From start to finish, it was entertaining, coherent and the best use of its talent. Until…
The 2021 playoff team – TENET
This is where we’ve landed. Something that is visually stunning but equally confounding boarding on infuriating. They’ve both suffered from unfortunate circumstances. In TENET’s case, it was the pandemic and not having the benefit of the theater experience.
In the Sixers’ case, there are several options. The Embiid injury. Doc Rivers‘ lineup choices. The disappearance of Simmons and Harris for stretches. Both TENET and these Sixers have stretches of brilliance even when it’s difficult to explain– Sixers Game 5 first quarter and TENET’s freeport scene.
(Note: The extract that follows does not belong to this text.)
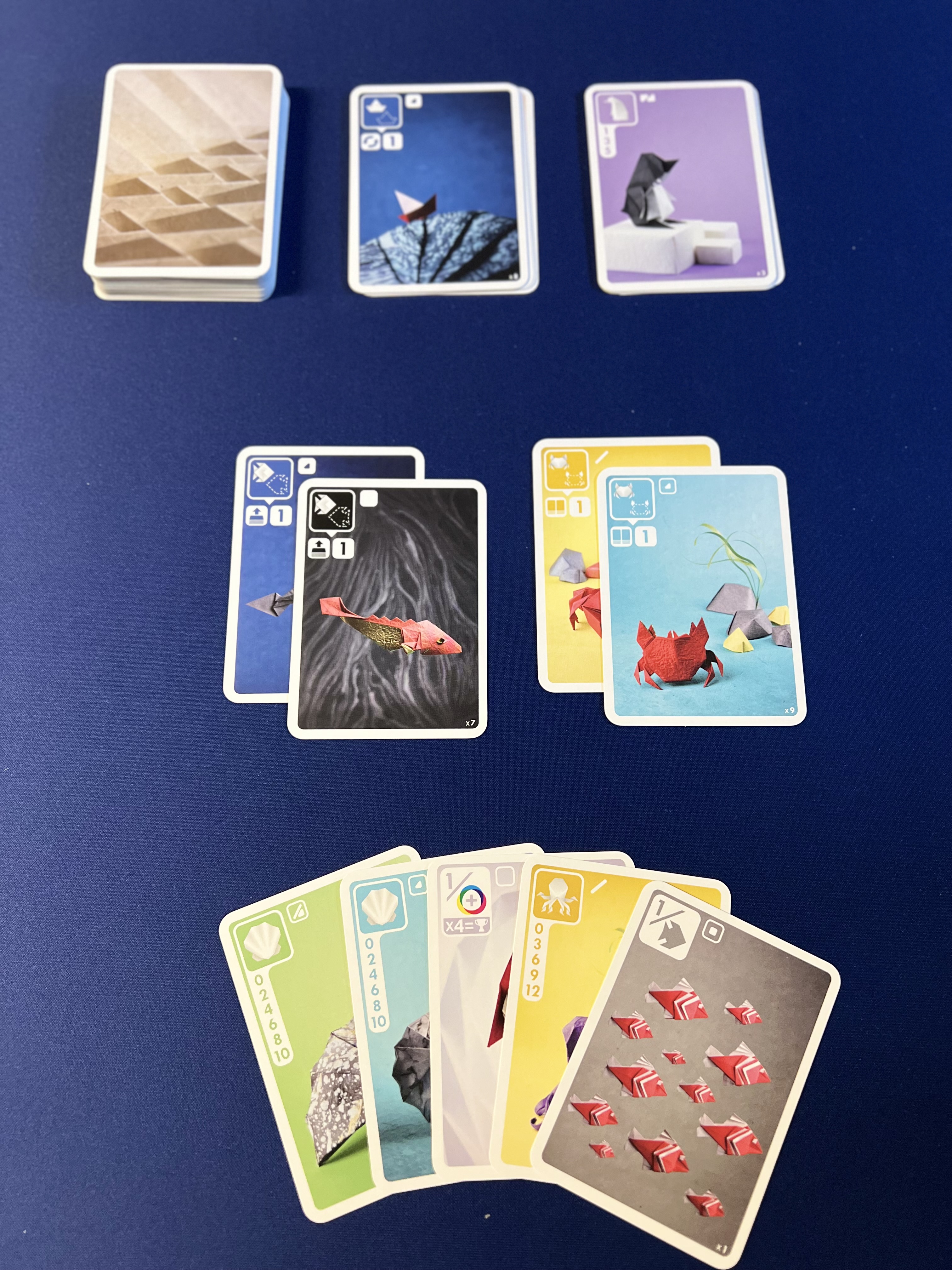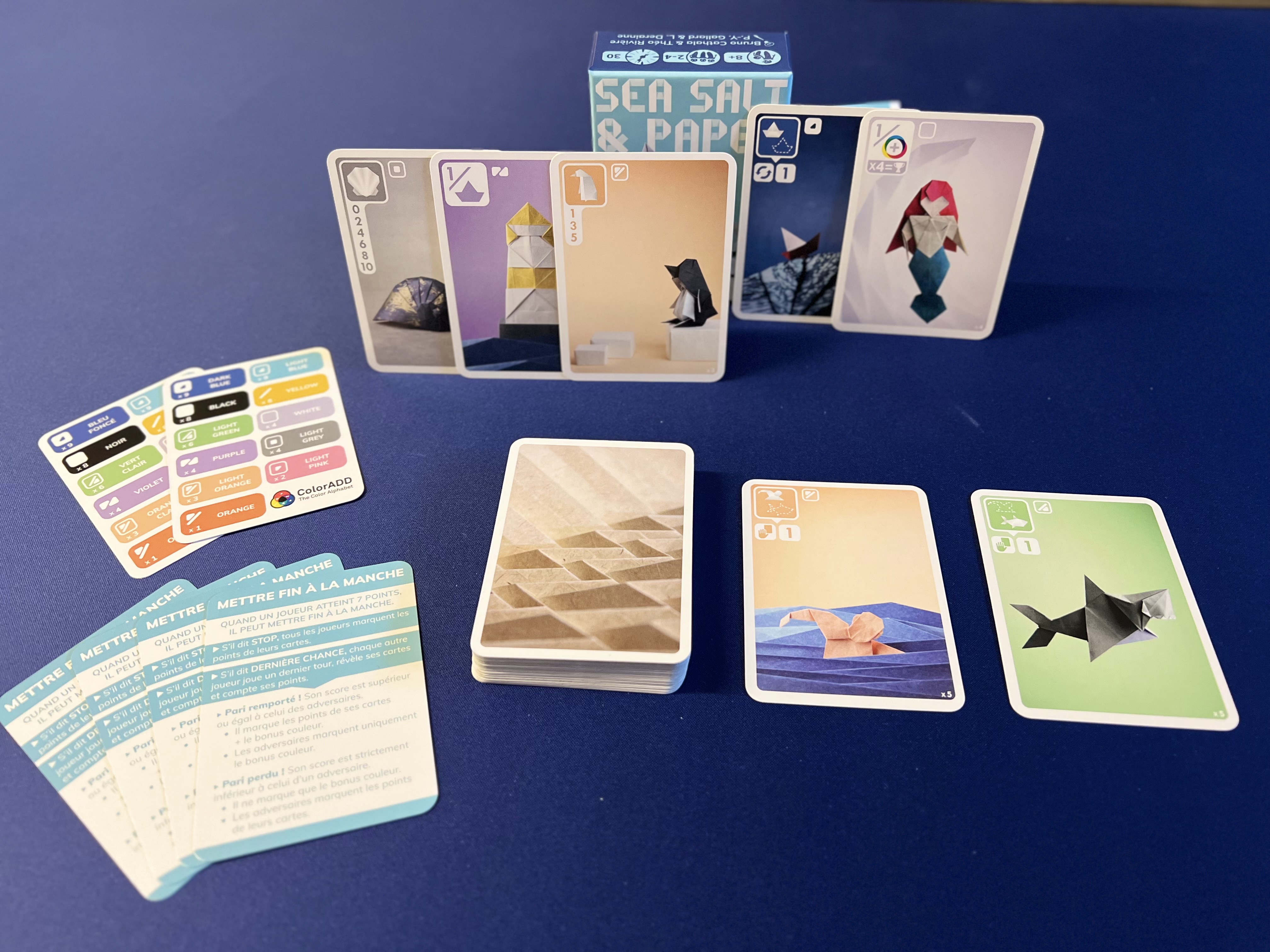 Sea, Salt & Paper est un petit jeu de carte très originalement illustré à l’aide d’origamis (art du pliage japonais particulièrement sympathique, je vous invite d’ailleurs à vous y essayer à vos heures perdues).

Unfortunately, ultimately, you walk away from it not quite realizing what you’ve seen. We have to give up knowing what we’ll expect from quarter to quarter, let alone game to game. If you are looking for a prediction for Game 6 or what to make of the rest of this playoff run, don’t go to a basketball analyst, let a scientist explain.
Conclusion
After the Game 5 debacle, collapse, embarrassment, indictment, or whatever it’s being or will be called, there was no use piling on. There’s plenty to be said of the flaws with Ben Simmons, the lineup adjustments Doc Rivers needs to make, and the DNA of the team.
It’s all so tiring. We know that we somehow still love this team even though we have no idea what to expect from them. They will take us on a roller coaster of emotions that will challenge the way we think about life, existence and what’s possible.
It’s the power of this team. It’s also the power of Christopher Nolan.